Born into a Jewish family in Algeria in 1948, Bernard-Henri Lévy was raised in Paris, where he enrolled in the elite Ecole Normale in the embattled year of 1968. It was a dramatic historical moment. Revolutionary illusions and intellectual inflation filled the streets, while student uprisings were erupting from Japan to Germany, and from Berkeley to Harvard. That same year witnessed the crushing of the Prague Spring when the tanks of the Warsaw Pact rolled into Czechoslovakia, postponing the end of the Soviet Empire for two more melancholy decades. It was a time when rebellion and totalitarianism collided, and that experience ignited debates which defined French intellectual life for years to come.
Lévy has been a prominent member of that intellectual life for half a century. After a visit to Mexico in 1969, the precocious young author published an article in the legendary Les Temps Modernes, the journal edited by Jean-Paul Sartre. A book on Bangladesh followed in 1973, and in 1977 his Barbarism with a Human Face appeared, establishing him as one of the “New Philosophers,” those members of the radical student movement generation who broke with their Marxist past. Their demonstrative rejection of Soviet dictatorship, a French version of neo-conservatism, was a twist in the history of the Cold War.

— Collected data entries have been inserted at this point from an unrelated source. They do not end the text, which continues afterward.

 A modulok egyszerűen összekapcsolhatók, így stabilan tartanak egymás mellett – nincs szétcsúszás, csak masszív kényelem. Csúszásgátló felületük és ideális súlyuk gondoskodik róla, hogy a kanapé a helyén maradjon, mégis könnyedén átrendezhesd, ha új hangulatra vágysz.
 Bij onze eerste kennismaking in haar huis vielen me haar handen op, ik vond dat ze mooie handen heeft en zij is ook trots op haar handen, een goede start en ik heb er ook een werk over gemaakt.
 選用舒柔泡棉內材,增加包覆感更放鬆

Still today, detractors on the left have not forgiven these new philosophers for their abandonment of the Communist utopia.
A career of enormous productivity ensued. Lévy’s French Wikipedia entry lists no fewer than forty-two books, ten films (acting in some, producing others), and two plays. Nor should one omit his extensive travels, and frequent and prominent participation in international affairs as a cultural diplomat in, for example, Pakistan, Bosnia, Mexico, Afghanistan, Israel, Libya, and Ukraine. His American Vertigo: In the Footsteps of Tocqueville, initially a series for the Atlantic, collected his impressions from a trip through the United States (Garrison Keillor reviewed it harshly in the New York Times, to which Christopher Hitchens responded by lambasting Keillor in Slate ).

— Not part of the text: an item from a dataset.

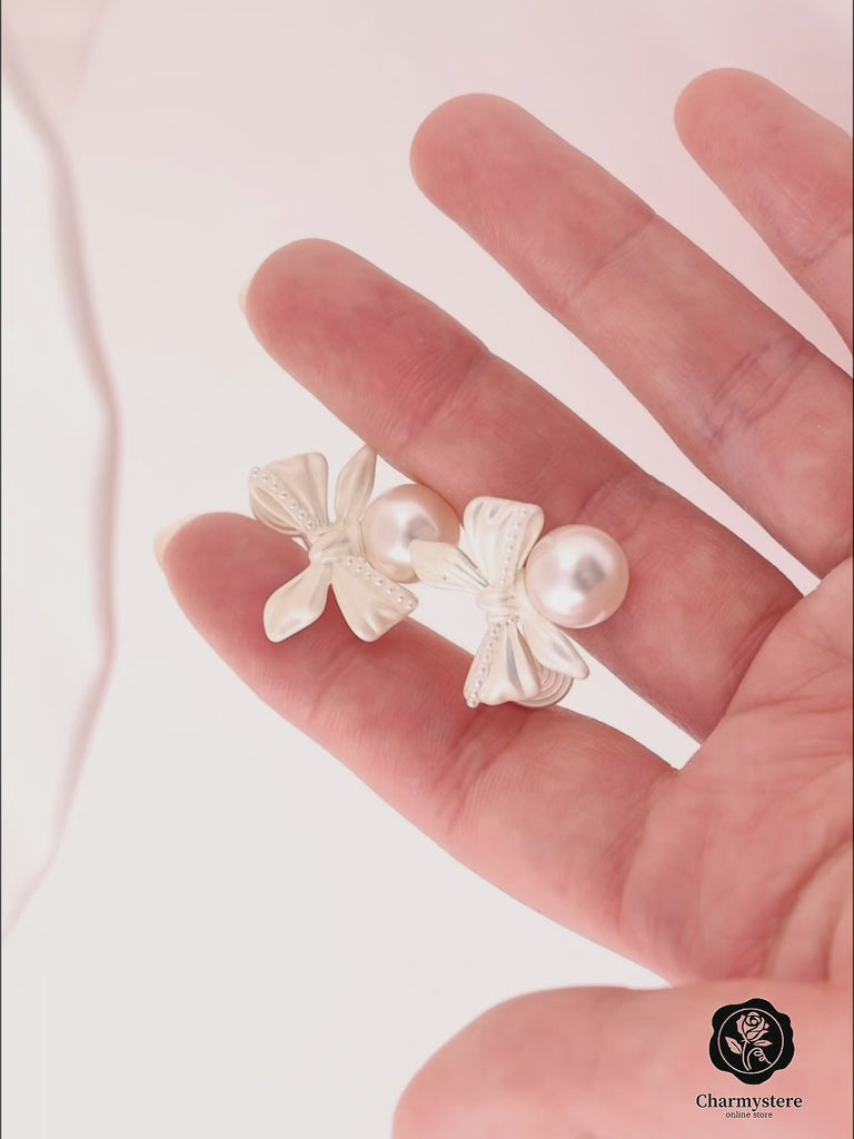 リボンパールクラッシーイヤリング

BHL, as Lévy is known in France, is nothing if not well connected, a benefit no doubt of his education in the exclusive stratosphere of the French upper crust. His curriculum vitae reads like a list of the inhabitants of the Elysée Palace, the official residence of the presidents of France. As early as 1980, soon-to-be President Francois Mitterrand served as a witness to his second marriage. In 2002, Mitterrand’s successor, Jacques Chirac, sent him on a cultural mission to Afghanistan; in 2011, he advised Chirac’s successor, Nicolas Sarkozy, on French policy in Libya; and in 2016, he represented Francois Hollande at the memorial service for the Babi Yar massacre in Ukraine. He is as close as one can get to power in France without winning an election.

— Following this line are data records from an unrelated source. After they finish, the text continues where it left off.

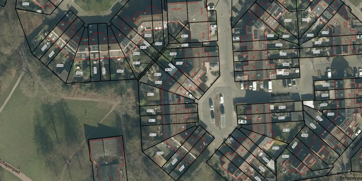 Buitenerf 83 is gelegen op kadastraal perceel BDA00H9574. Deze kadastrale aanduiding is uniek en wordt gebruikt door het Kadaster om eigendomsrechten en andere zakelijke rechten vast te leggen. Het perceel maakt onderdeel uit van de kadastrale gemeente Breda.
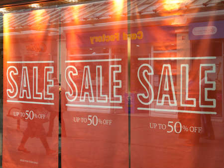 Sale at a clothing store. Red posters with the word Sale at the entrance to the mall.
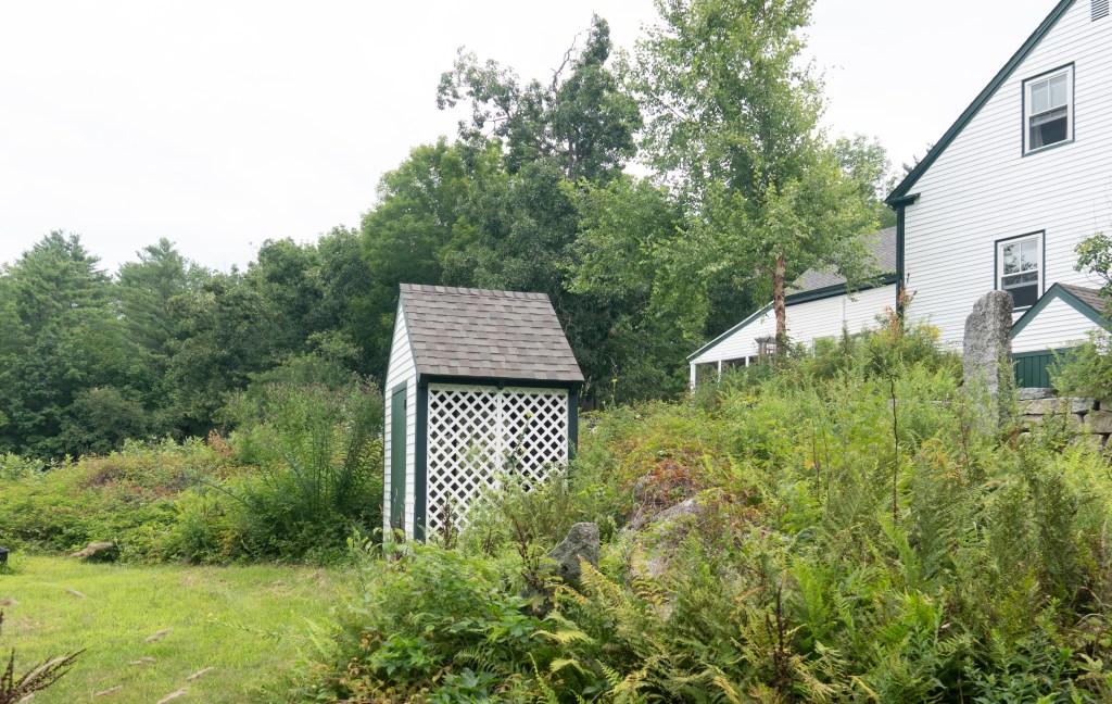 Phoebes often nest under eaves, and these ones nested inside a latticed shed that holds our generator!
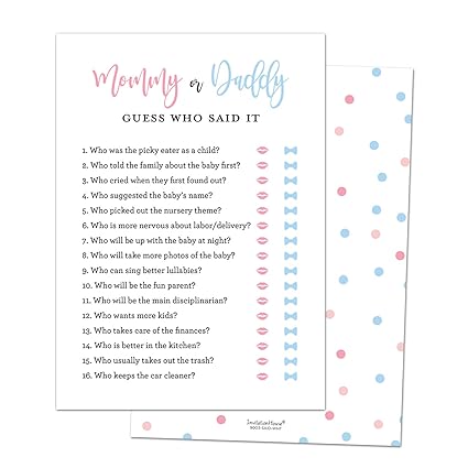 Invitationhouse 50 Gender Reveal Party Games Guess Who Mommy Or Daddy Game Mom Or Dad Quiz
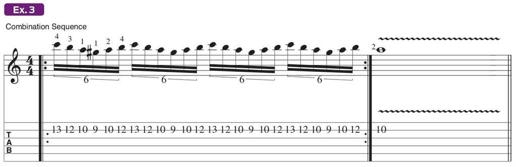 Example 3 features a mixture of these two ideas, and it delivers an authentic Yngwie scale sequence as these descending and ascending concepts are combined.

Yet for all this public prominence, he has not been spared criticism as an intellectual, for moving too quickly, treating ideas too lightly, and making connections too casually. His writing can seem facile, his assertions peremptory. Engaging with his work, one should distinguish these sorts of inadequacies, plausible targets of criticism, from ideologically driven condemnations of his principled anti-totalitarianism and advocacy for human rights. The judgment that his writing style is wrong does not make his political enemies right.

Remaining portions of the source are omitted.